I felt a charge of pleasure; assuming he didn’t mean Daphne Markham-and I surely didn’t think he did-or one of the two older women who had tended the dining room with me, women my mother’s age if not a little older, I was the only waitress he could have been remembering.
“Those were good days,” I said.
“Better than this afternoon, anyway,” Hal said. He finished his second drumstick, wrapped up the bones in the napkin, and closed the basket. “Best I should save this for later. Franny might be hungry too. Who knows? Maybe my dad will surprise us all and actually eat something.”
“There’s enough there for an army. But if you need anything else, you know where the key to the kitchen is.”
“Back door, one step to the right, reach up, on the nail.” He nodded. “Piece of cake.” He raised his gaze past me then, casting his eyes over the lake, and gave a little nod to tell me to look where he was looking. I turned and saw, out on the dock a hundred yards distant, two figures sitting on the edge, their feet dangling over the water. It took me a moment for my eyes to discern what my brain had already guessed: Jordan and, sitting beside him in her gray sweatshirt, Kate.
“Those two getting along?”
“I think they’ve always liked each other.” I was surprised how guarded I sounded. “They’ve known each other for years.”
For a moment we said nothing.

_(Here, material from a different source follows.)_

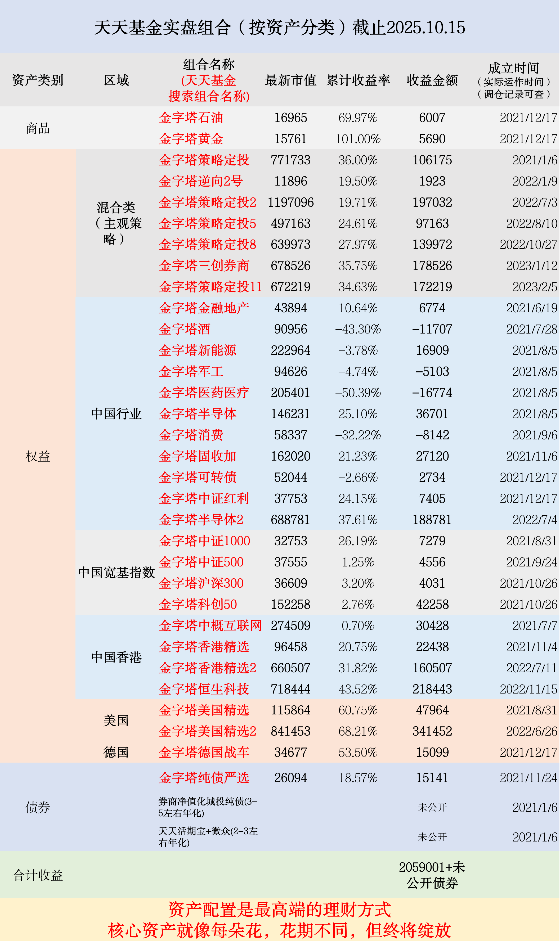 目前累计收益2059001+未公开债券收益,累计收益率排名前三的组合分别是黄金、石油、美国精选2;排名后三位的是医药、白酒、消费。收益金额排名前三的是美国精选2、恒生科技、策略定投2;排名后三的是医药、消费、白酒。

The silence of the lake and the late hour seemed to encircle us.
“The truth is,” Hal said, “I think my father just wanted to give it to somebody it already belonged to.” He looked at his hands a moment. “It’s the best kind of present. I’m only telling you in case you were, you know, wondering.”
“We all adore Jordan. Everybody’s happy for him. Joe too.”

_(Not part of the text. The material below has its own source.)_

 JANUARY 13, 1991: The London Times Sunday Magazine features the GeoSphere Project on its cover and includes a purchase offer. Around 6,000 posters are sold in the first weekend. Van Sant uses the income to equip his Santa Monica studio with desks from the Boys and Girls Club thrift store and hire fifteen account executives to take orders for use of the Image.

Hal stood and lifted the basket from the floor. “Well, I guess I should look in on the patient. Scares me when he’s this quiet.” He moved around his chair, then stopped, suddenly gone into deeper thought.
“He loves this place, Lucy. That’s what it’s really all about. When my mother died, I know it saved him, somehow. He told me that once. The summer after she died, he came up here, and that’s what got him through it. I’ll never forget it. ‘It has the pure beauty of having been forgotten.’ That’s what he said about this place. He said it again this morning.”
My eyes were suddenly swimming again. I didn’t want Hal to see, so I stepped back from the railing, away from the light.
“Luce?”
“I’m all right,” I said. My voice caught a little, and I breathed to settle it, letting the air in my lungs push the tears away. But I knew I was only buying a moment, if that. In another minute I would be crying for real, the kind of tears you’ve kept inside so long you don’t know what they mean anymore, whether they’re happy or sad or both, only that they have to come out; as long as they’re coming, they own you, body and soul, these tears, and I didn’t want this to happen in front of Hal, or Joe, or anybody. I wanted to cry in a dark room somewhere, nobody around for miles to hear me, and cry until I was all cried out.
“It’s late,” I managed. “I should go. Good night, Hal.”
Twenty steps from porch to path, a hundred more down the shore toward the lodge, through the tangled shadows of the trees, the veil of laughter and cigar smoke. The pure beauty of having been forgotten, I thought, and that was the end for me.